Nivolumab, Ipilimumab and OTSGC-A24 Therapeutic Peptide Vaccine in Gastric Cancer - a Combination Immunotherapy Phase Ib Study.

Phase 1

• Conditions: Gastric Cancer
• Interventions: Drug: OTSGC-A24; Drug: Nivolumab; Drug: Ipilimumab

• Registration Number: NCT03784040
• Lead Sponsor: National University Hospital, Singapore

Brief Summary

The primary hypothesis is that cancer vaccine can convert non-immunogenic gastric cancer into immunogenic phenotype susceptible to PD1 inhibition. This would lead to an improved radiological response rate and favorable immune contexture for immune checkpoint blockade

Detailed Description

Primary Objectives

1. Safety cohorts: To evaluate the safety of OTSGC-A24 and nivolumab (+ ipilimumab) in patients with refractory gastric cancer.

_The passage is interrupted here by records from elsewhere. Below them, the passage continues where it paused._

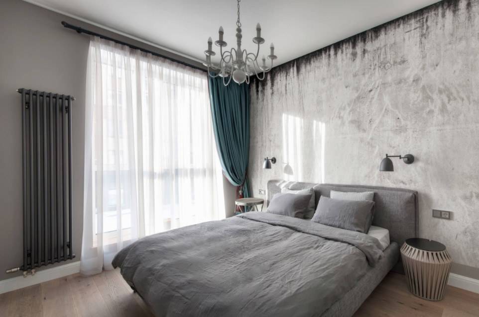 Цвет текстиля необязательно должен совпадать с цветом стен или быть одинаковым, как у кровати, так и на окнах или обивки мебели. Достаточно объединить его стилистически, одним декором, например полоской или цветовыми нюансами. Так, например, если у вас небесно-голубые стены, то шторы могут быть серо-бежевыми, а покрывало на кровати насыщенно-синим (индиго). Еще выигрышно смотрится сочетание серых стен с фактурой бетона с бархатным покрывалом цвета мокрого асфальта, а ярким акцентом послужат подушечки золотисто-салатового цвета.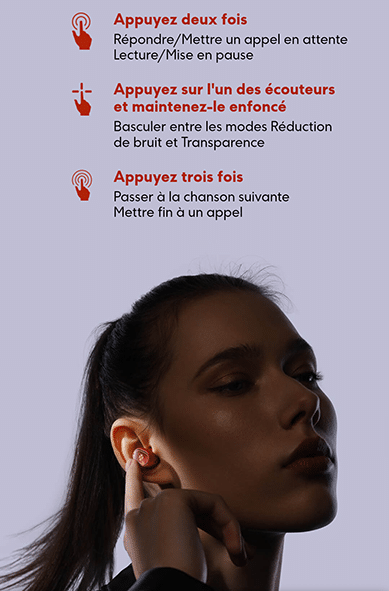 Une commande tactile est disponible sur les écouteurs permettant d’accepter les appels, contrôler la musique ou votre assistant vocal.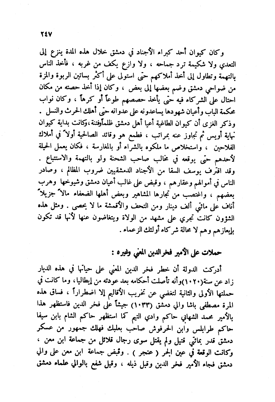 يحصى. ومثل هذه الشؤون كانت تجري على مشهد من الولاة ويتغاضون عنها لأنها قد تكون بإيعازهم وهم لا محالة شركاء أولئك الزعماء.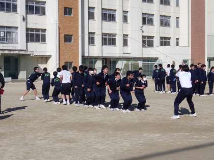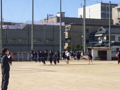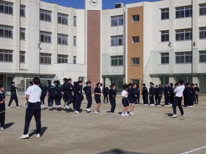 2月28日(火)暖かい日差しのもと3年生は「公立受験組応援企画球技大会」を行いました。運動場での大縄跳びの様子です。青空が広がっています。

2. Arm A: To determine the objective response rate of OTSGC-A24 and nivolumab in advanced gastric cancer.

3. Arm B: To determine the objective response rate of OTSGC-A24 and nivolumab + ipilimumab in advanced gastric cancer.

Secondary Objectives

1. To compare the difference in objective response rates between Arm A and Arm B

2. To compare the tumoral immune contexture and PDL-1 expression before treatment, after OTSGC-A24, and after nivolumab (+ ipilimumab) in combination with OTSGC-A24.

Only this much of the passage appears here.